→ **Activity**: Could you write out, exactly as they stand, only the lines in the listing below from the line with "原来度华年制片人为了说服张凌赫出演,竟然亲自剪了赵今麦张凌赫cp向视频。" to the line with "Situation privilégiée Vue", both ends included, without the pictures?

---- Material shown

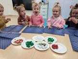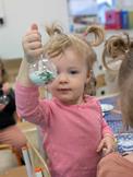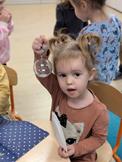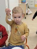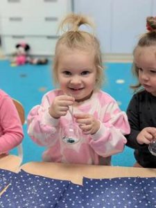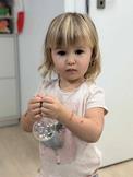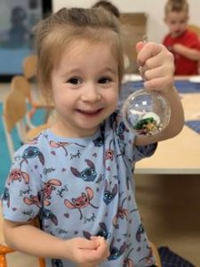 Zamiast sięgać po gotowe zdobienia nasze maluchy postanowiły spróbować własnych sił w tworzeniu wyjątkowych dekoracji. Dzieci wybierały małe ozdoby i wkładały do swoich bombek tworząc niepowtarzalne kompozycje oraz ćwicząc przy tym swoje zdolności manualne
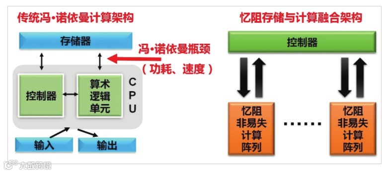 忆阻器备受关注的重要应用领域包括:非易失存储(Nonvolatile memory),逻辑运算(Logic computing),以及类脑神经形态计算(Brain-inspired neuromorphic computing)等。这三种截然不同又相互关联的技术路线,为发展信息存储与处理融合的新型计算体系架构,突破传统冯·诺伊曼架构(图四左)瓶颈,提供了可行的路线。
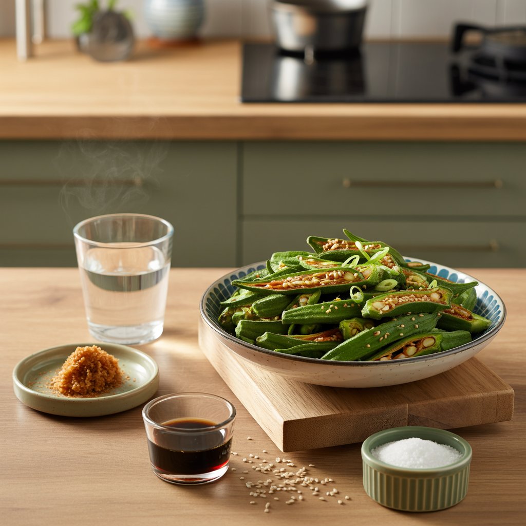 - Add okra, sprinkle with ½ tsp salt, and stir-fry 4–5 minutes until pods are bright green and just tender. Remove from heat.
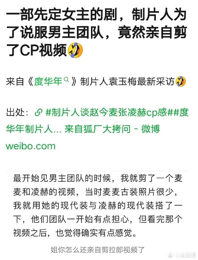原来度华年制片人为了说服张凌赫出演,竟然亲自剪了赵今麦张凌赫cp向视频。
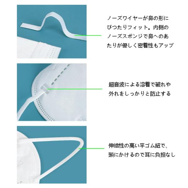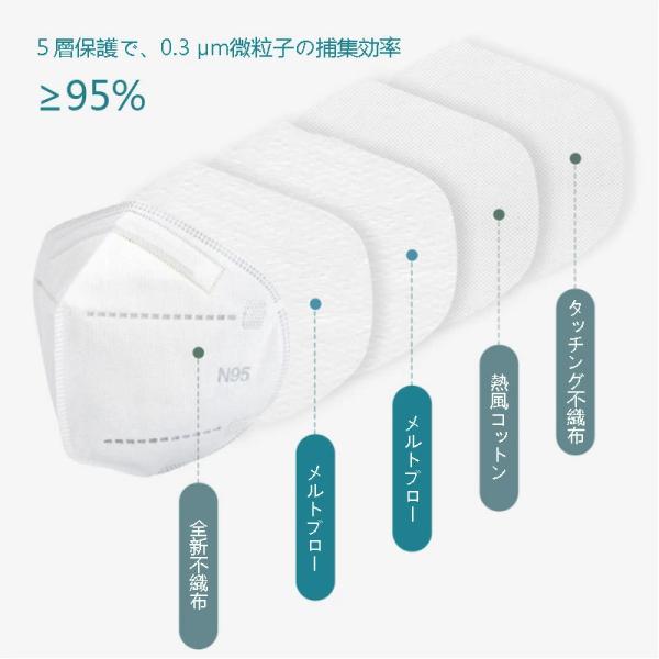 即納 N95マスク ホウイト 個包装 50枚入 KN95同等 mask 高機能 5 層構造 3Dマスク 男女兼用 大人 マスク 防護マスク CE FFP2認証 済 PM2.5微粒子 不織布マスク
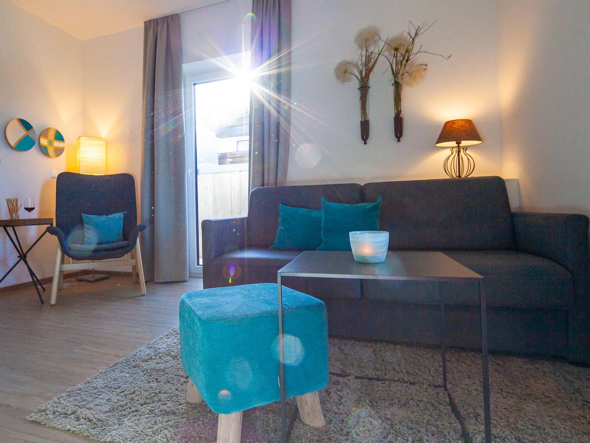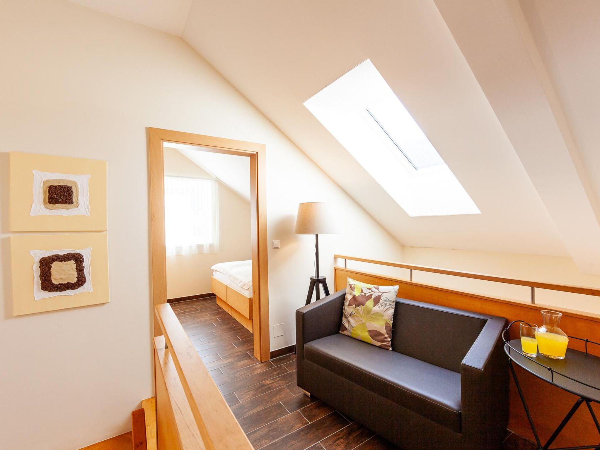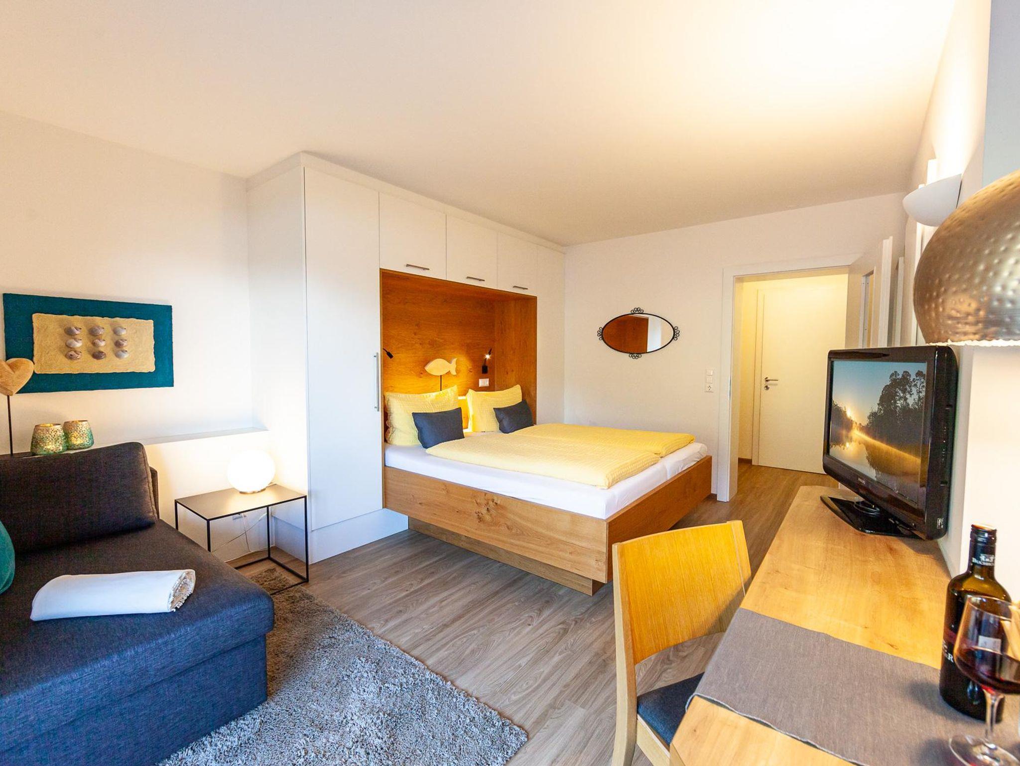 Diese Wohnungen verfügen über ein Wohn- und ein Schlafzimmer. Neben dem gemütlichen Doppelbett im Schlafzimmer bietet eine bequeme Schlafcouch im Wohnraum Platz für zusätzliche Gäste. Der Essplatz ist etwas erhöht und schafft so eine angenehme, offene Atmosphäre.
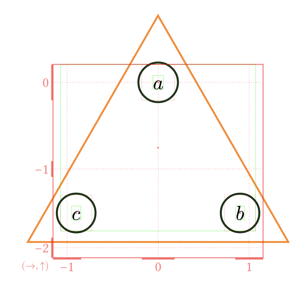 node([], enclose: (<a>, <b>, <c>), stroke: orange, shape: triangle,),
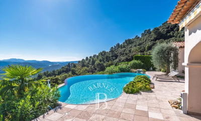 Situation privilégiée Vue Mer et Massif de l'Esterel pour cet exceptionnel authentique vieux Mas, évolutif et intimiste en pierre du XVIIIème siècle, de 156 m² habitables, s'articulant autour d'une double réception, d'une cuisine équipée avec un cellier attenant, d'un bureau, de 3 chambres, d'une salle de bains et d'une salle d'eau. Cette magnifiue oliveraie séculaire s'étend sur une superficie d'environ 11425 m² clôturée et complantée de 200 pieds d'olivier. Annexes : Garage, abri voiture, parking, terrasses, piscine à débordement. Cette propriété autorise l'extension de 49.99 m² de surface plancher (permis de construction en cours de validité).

--------
---- Material shown

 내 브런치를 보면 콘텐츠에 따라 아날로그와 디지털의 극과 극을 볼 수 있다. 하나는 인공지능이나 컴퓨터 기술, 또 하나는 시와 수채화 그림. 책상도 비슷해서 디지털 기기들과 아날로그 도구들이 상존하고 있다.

--------

→ **Answer space**:
原来度华年制片人为了说服张凌赫出演,竟然亲自剪了赵今麦张凌赫cp向视频。
 即納 N95マスク ホウイト 個包装 50枚入 KN95同等 mask 高機能 5 層構造 3Dマスク 男女兼用 大人 マスク 防護マスク CE FFP2認証 済 PM2.5微粒子 不織布マスク
 Diese Wohnungen verfügen über ein Wohn- und ein Schlafzimmer. Neben dem gemütlichen Doppelbett im Schlafzimmer bietet eine bequeme Schlafcouch im Wohnraum Platz für zusätzliche Gäste. Der Essplatz ist etwas erhöht und schafft so eine angenehme, offene Atmosphäre.
 node([], enclose: (<a>, <b>, <c>), stroke: orange, shape: triangle,),
 Situation privilégiée Vue Mer et Massif de l'Esterel pour cet exceptionnel authentique vieux Mas, évolutif et intimiste en pierre du XVIIIème siècle, de 156 m² habitables, s'articulant autour d'une double réception, d'une cuisine équipée avec un cellier attenant, d'un bureau, de 3 chambres, d'une salle de bains et d'une salle d'eau. Cette magnifiue oliveraie séculaire s'étend sur une superficie d'environ 11425 m² clôturée et complantée de 200 pieds d'olivier. Annexes : Garage, abri voiture, parking, terrasses, piscine à débordement. Cette propriété autorise l'extension de 49.99 m² de surface plancher (permis de construction en cours de validité).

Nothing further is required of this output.